Fourier Transform leading to $\delta$: How does the Integration work? So it is well-known that the complex exponential
$$f(t) = e^{i\omega_0t}$$
has Fourier transform
$$F(\omega) = 2\pi \delta(\omega-\omega_0) \ .$$
The transformation integral
$$F(\omega) = \int_\mathbb{R} f(t) e^{-i\omega t} dt \ ,$$
gives
$$2\pi \delta(\omega-\omega_0) = \int_\mathbb{R} e^{i(\omega_0-\omega)t} dt \ .
\tag{1}\label{eq:a} $$
It's clear to me that
$$F(\omega_0) = \int_\mathbb{R} 1 \ dt$$
is infinite and I fully understand that $F(\omega)$ is concentrated into a peak at $\omega_0$ from the spectral-intuition-side-of-things. But what has boggled me ever since is how to argue that 
$$\int_\mathbb{R} e^{iat} dt
\tag{2}\label{eq:b} $$
vanishes for $a \neq 0$. Sure, intuitively $e^{iat}$ has zero mean, but technically the above integral doesn't even exist.
So my questions are:


*

*What is a clean way of showing \eqref{eq:a}, especially the integral vanishing for $\omega \neq \omega_0$, without going deep into harmonic analysis, distribution theory, etc.? Since this topic is taught in many engineering undergraduate programs, this should be possible, right?

*How does Fourier theory manage to give meaning to the divergent integral \eqref{eq:b}?

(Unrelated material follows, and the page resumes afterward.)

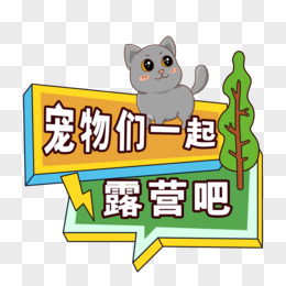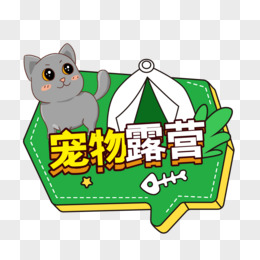 一组卡通矢量宠物露营手举牌系列图之猫露营元素
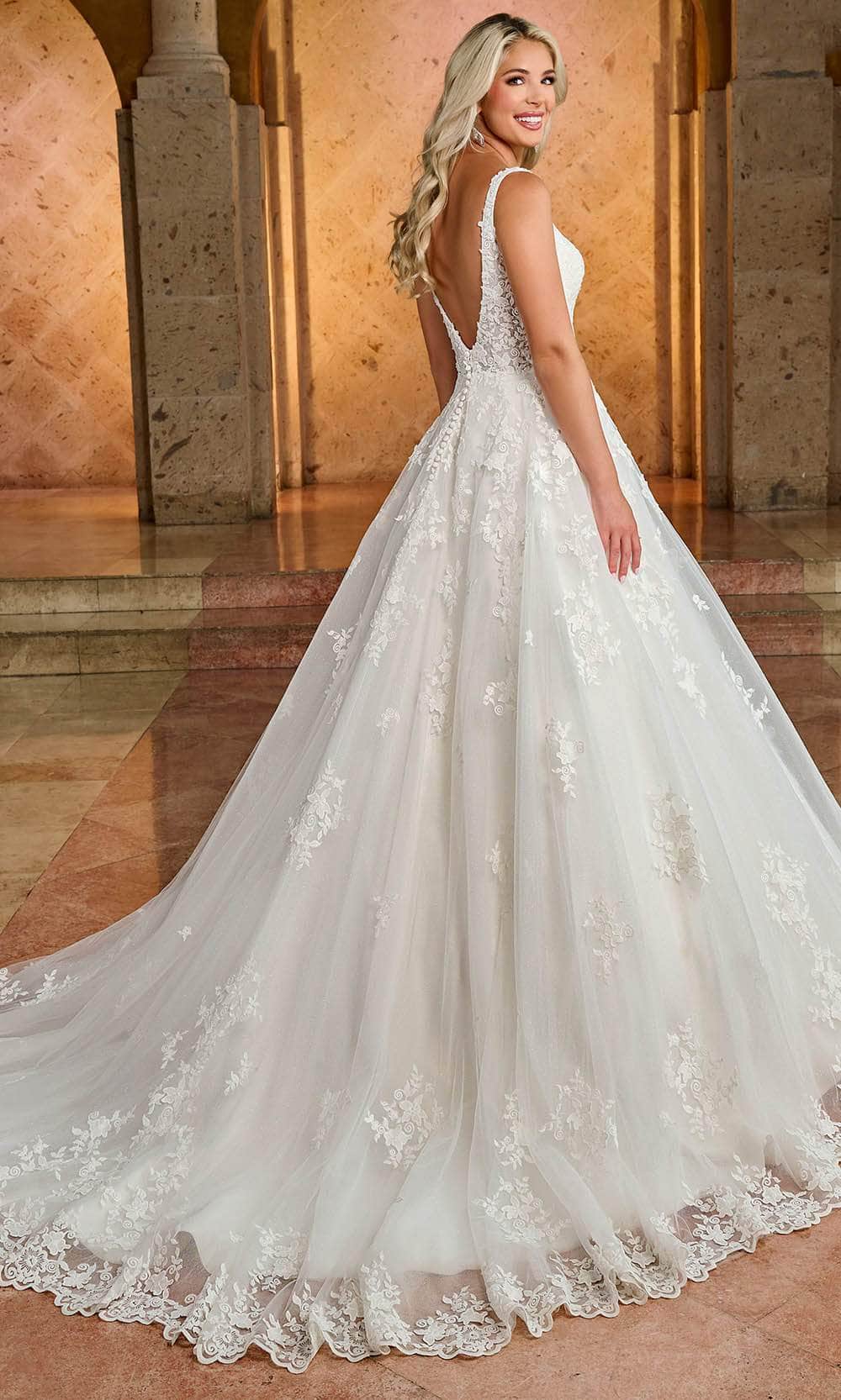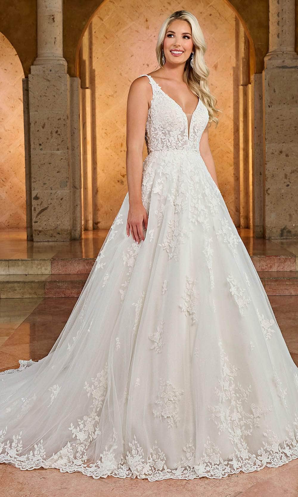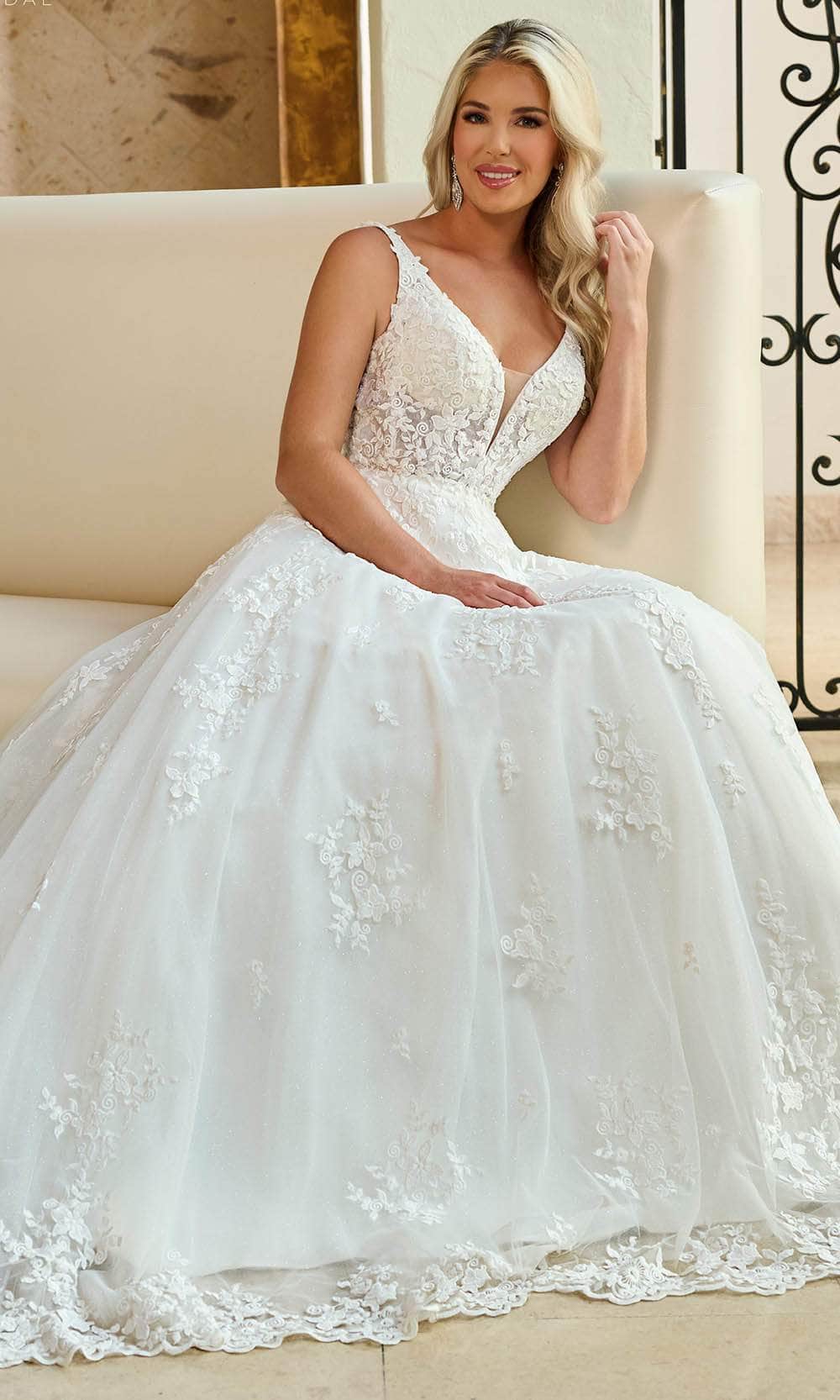 Step into the spotlight on your wedding day in this Rachel Allan RB3190 masterpiece. This sleeveless gown is fully decorated with floral embroidery and sparkly beads. The plunging v-neckline is alluring, with a sheer inset at the center and thin shoulder straps for support. Revealing a peek of skin, the back has a low v-shaped cut secure by the stylish button closure. The skirt is tailored in an A-line silhouette that cascades to the sweeping train and ends in a scalloped hemline for a magnificent effect. Fall in love with the beauty in Rachel Allan RB3190 gown. Model is wearing Ivory color.

*I am aware that $\delta$ requires special care because it is a distribution and not a function. Is this the cause of all the trouble?

 A: 

*Yes. You can call it trouble, and you can call it convenience.


In fact, for a distribution $u$, the Fourier transform is not defined as for nice functions, but rather,
$$
\mathcal F(u)(\phi)=u(\mathcal F\phi),
$$
i.e. the Fourier transform of the distribution $u$, when acting on a test function is defined to be the distribution we get when $u$ is acting on the (ordinary) Fourier transform of the test function $\phi$.
It is practical to write things like $\int f(x)\delta_{x_0}\,dx=f(x_0)$ and so on, since many laws of calculation agree with the ones for integrals, but one should be careful, since that integral is not an integral in the ordinary sense. It might be better, in that particular case, to write $\delta_{x_0}(f)=f(x_0)$ and avoid integrals if one is confused about them.
A: Yes, the $δ$ being a distribution and not a function is the problem. To be pedantic, one does not even define $δ(x)$ for $x∈\Bbb R$, i.e. we refrain from allowing the evaluation of $δ$ at $x$. Instead, we define $\delta$ based on how it 'integrates against functions'. 
This is motivated by the fact that for (some of) the purposes of fourier analysis, it is not $g(x)$ we are concerned about, but rather $⟨g, · ⟩$,  how it acts when you integrate against a (nice) function,
$$⟨g,f⟩ := ∫_ℝ  g(x) f(x) \ dx$$
So we make the definition in analogy,
$$⟨ δ, f⟩ := \delta(f) := f(0)$$
Which completely circumvents trying to integrate $δ$.
We also define the Fourier transform by analogy with the situation with nice functions,
$$⟨\mathcal{F}δ , f⟩ := ⟨ δ, \mathcal{F}f⟩ $$
With this definition one can prove that $\mathcal{F}\delta = 1$, 
$$⟨\mathcal{F}δ , f⟩ = ⟨ δ, \mathcal{F}f⟩ = \mathcal{F}f(0) = ∫f(x) \ dx = ⟨ 1,f ⟩ $$
Similarly, $\mathcal{F}1=δ$, which in a sense, answers 2.
But we can abusively write $δ(x) = \lim f_n(x)$ for (e.g) the rescaled normal densities that 'tend to 'δ' (there is a precise definition of this), and in this sense we do have $δ(x) = ∞ \Bbb 1_{x}$.
If you know measure theory, it turns out that signed measures give rise to distributions in a natural way, and the $δ$ distribution is also given by a measure, the dirac delta measure,
$$ δ(A) = \begin{cases} 1 & 0∈ A \\ 0 & 0\not\in{} A\end{cases}$$
and in this sense, we can actually write this as a (Lebesgue) integral,
$$⟨δ,f⟩ = ∫_ℝ f(x) dδ(x) $$